Washington State-native flameworker Micah Evans does not consider himself a performance artist, but he undoubtedly put on a show for the Chrysler Museum of Art in Norfolk, Virginia, recently while working as a visiting artist from July 20th to 23rd. Evans grew up in Seattle, Washington in the 1990s, surrounded by a culture heavily saturated with marijuana and glass pipe-making. This environment presented Evans with a less-than-traditional gateway into glass art, as he got his start by making smoke pipes at a local flameworking studio. Evans’ work has since expanded to include traditional craft forms and personal sculptural work, which lead him to be recognized as the first flameworker to receive a residency at Penland School of Crafts in North Carolina, which he completed from 2012 until 2015.
During Evans’ residency at Penland, he met the Chrysler Museum’s glass studio manager, Charlotte Potter, who asked Evans to be a visiting artist at the museum-- which he had intended to do in 2016 but, due to scheduling conflicts, was moved to this year. Unbeknownst to either of them, the date they scheduled fell on the same week that performance art pieces are done in the glass studio. Because of this, Potter asked him if he would do a performance piece.
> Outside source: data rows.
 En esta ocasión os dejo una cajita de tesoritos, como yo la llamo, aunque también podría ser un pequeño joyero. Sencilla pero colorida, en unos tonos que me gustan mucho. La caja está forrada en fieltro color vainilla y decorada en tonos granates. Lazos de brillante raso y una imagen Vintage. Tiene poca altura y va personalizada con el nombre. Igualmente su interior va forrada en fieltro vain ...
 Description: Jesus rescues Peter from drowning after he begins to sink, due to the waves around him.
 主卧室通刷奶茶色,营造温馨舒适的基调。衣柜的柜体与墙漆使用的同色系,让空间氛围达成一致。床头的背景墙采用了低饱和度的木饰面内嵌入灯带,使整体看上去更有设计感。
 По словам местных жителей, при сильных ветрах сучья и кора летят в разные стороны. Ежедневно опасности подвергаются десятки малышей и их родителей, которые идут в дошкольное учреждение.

Evans, a self-described introvert, was originally apprehensive about taking on a performance role.
“I looked it up and they do this amazing performance art series and people take it very seriously,” he said during a telephone interview with the GLASS Quarterly Hot Sheet. “I am NOT a performance artist, it’s kind of like my worst fear-- so I immediately kind of hit the fetal position.”
But instead of backing out, Evans faced his fear. He reached out to Robin Rogers, the assistant manager at Chrysler’s glass studio, who helped him organize a performance piece-- one that was demonstrated to a sold-out crowd his first day there.
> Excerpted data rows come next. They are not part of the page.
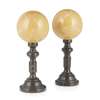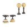 to include a pair of tazza with lion masks, 13cm high; and a pair of orbs on turned black marble stands (4)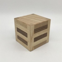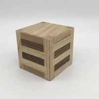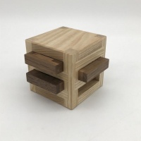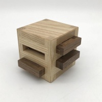 The second puzzle in this update by Perez, Board Burr Rack looks quite simple. Simply slide four burrs into the rack spaces created by the frame. Easy, right? Unfortunately the two cubes trapped inside the rack makes that task substantially more difficult. Each board move affects its neighbors due to the two unit size of the cube it's interacting with, creating a shifting maze of confusion. When fully assembled, none of the boards are able to be completely removed without manipulating the cubes inside. Lots of fun, lots of frustration! This puzzle is shipped assembled.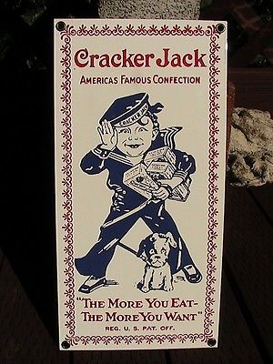 Vintage Ande Rooney Porcelain Enamel Steel Sign Cracker Jack 6"x12"

“It was fantastic. I’m glad they made me do it,” Evans said. “It’s not something I would have volunteered for and I actually learned a lot, it was very informative.”
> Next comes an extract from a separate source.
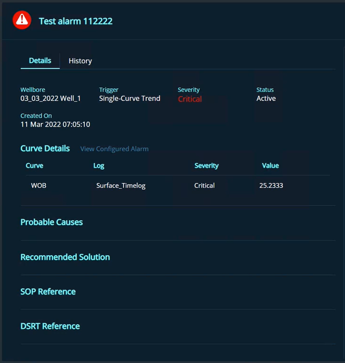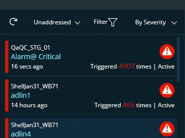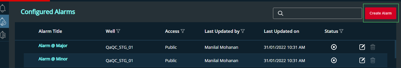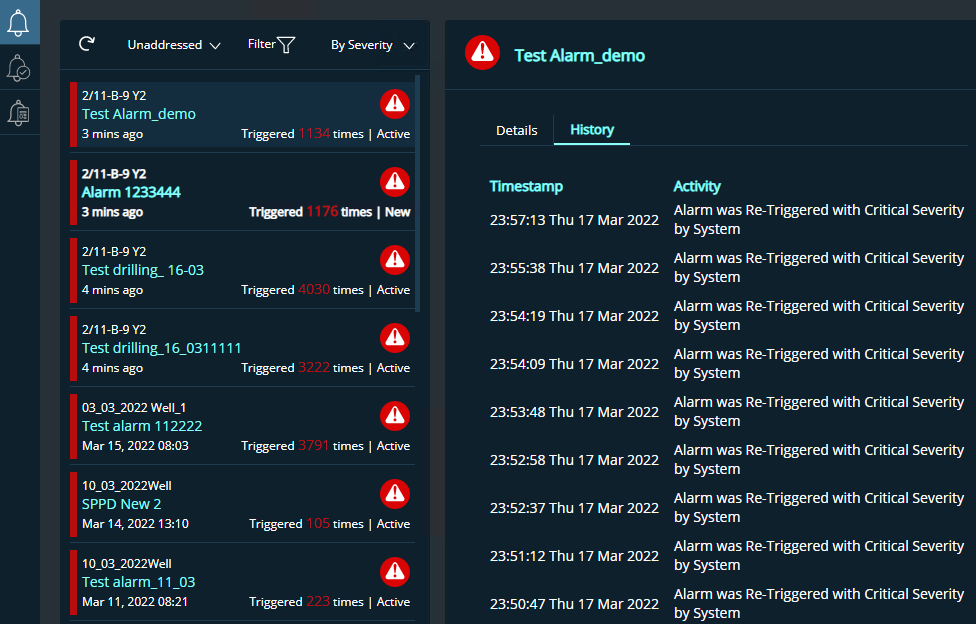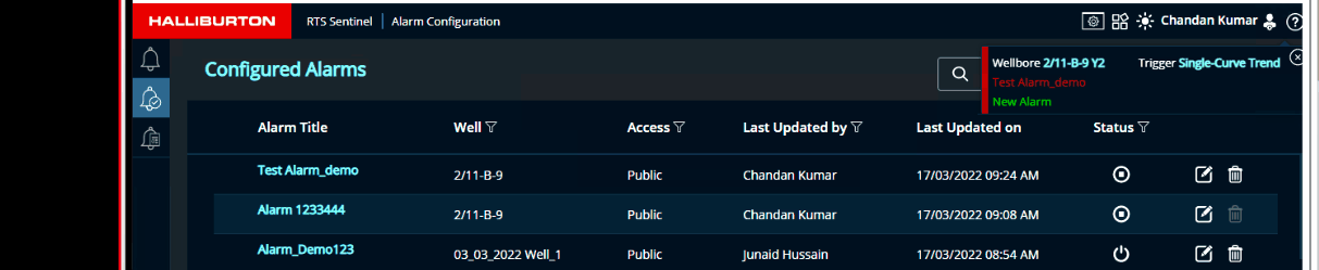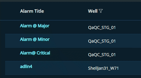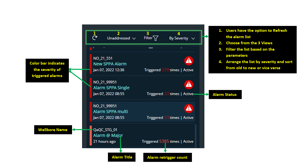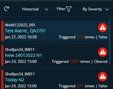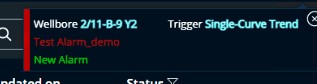 Alarms will be displayed with Wellbore name, Alarm title, Status and Trigger count.Based on the severity a color bar will be displayed

The performance began with a curtain formed out of black threads which were lit aflame and burned, as Evans described, “like a thousand little candles” to reveal the glassblowing floor. The actual performance revolved around creating a map-- Evans recent work has involved making what he calls “sculptural typographies." In the performance, he took a large quilting hoop and stretched a clear cloth over it. He stretched a grid of black yarn-- which resembled graph paper-- over the top of the hoop and clear cloth and then used flameworked glass tripods to raise and lower this grid in a way that resembled typography or mountain ranges. Light was projected on and through the fabric to produce what he described as a “dramatic cast of shadows.”
“The performance kind of revolved around creating that map and the group of us kind of placing and altering this form-- raising and rotating and projecting,” Evans said. “The glass tripods kind of tumbled down and the floor was mic’d. So we had this sort of sound and light element.”
Evans said that the whole process was really fun-- he was able to find innovative, creative methods to interact with typography, which taught him new techniques to implement in future work.
Third Thursday at the Glass Studio | Something Along Those Lines | By Micah Evans from Echard Wheeler on Vimeo.
From the morning to evening in the following days that Evans spent as a visiting artist at the Chrysler, he hosted flameworking demonstrations and answered questions from museum visitors. By the end of his time there, he was able to produce three pieces in what he described as a “comfortable work environment” with a “incredibly efficient and intelligent” group of volunteers and staff. Overall, he said the experience was rewarding and was able to contemplate his work in new ways he hadn’t considered before.
“A lot of times you get the same questions, but almost every time you get asked questions about your work that you’ve never had to answer,” Evans said. “The more time you spend time talking about your work-- not quite a rehearsed slideshow or artist’s statement about your work-- but when you’re forced to think about things you have and and why you do them, you learn a little more every time.”
As for the future, Evans will be displaying the sculptural typography work he made during his time at Chrysler at a show at Pilchuck Gallery, in downtown Seattle this September. He will also be hosting a bottle show this upcoming spring, an event he does annually to display his decanters and other craftwork.